If you can't answer all three, the workflow isn't ready for production at scale.
Frequently Asked Questions
Why is my AI bill going up if token prices are falling?
Because modern AI workloads consume far more tokens than the simple chat applications most budget models assumed. Agentic workflows trigger 10 to 20 model calls per user task, and retrieval-augmented generation (RAG) expands context windows by 3 to 5 times. The per-token price is lower, but the volume consumed is dramatically higher. Total spend rises even when unit price falls, which is the Jevons Paradox applied to AI infrastructure.
What should I do before my next AI vendor renewal?
Collect your actual per-workflow token consumption data from the current flat-rate period. As vendors move to credit-based billing, that data becomes your negotiating baseline. Know what you've been consuming before you agree to a new pricing structure.

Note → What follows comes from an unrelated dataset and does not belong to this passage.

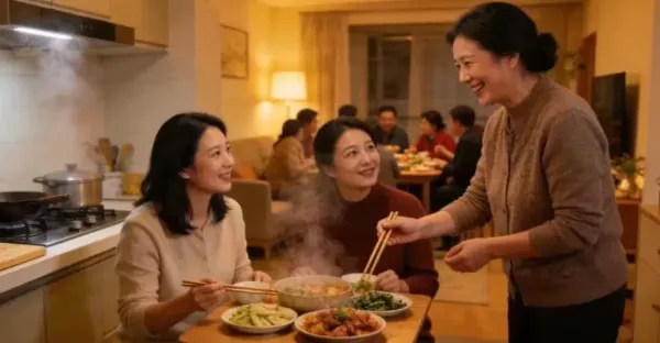 過年聚餐,大伯一句「女孩別上桌」,我媽笑著把我和妹妹趕進廚房,我以為她軟弱,她卻塞來筷子:趕緊吃,今晚一盤菜都別想端出去

Which AI workloads are not worth the agentic token spend?
Single-step tasks that don't benefit from reasoning chains: document classification, basic summarization, entity extraction, sentiment scoring. These can run on cheaper single-call models or open-weight alternatives. Reserve multi-step agentic spend for workflows where the autonomous reasoning actually changes the output quality, like complex analysis, multi-source research, or tasks requiring sequential decision-making.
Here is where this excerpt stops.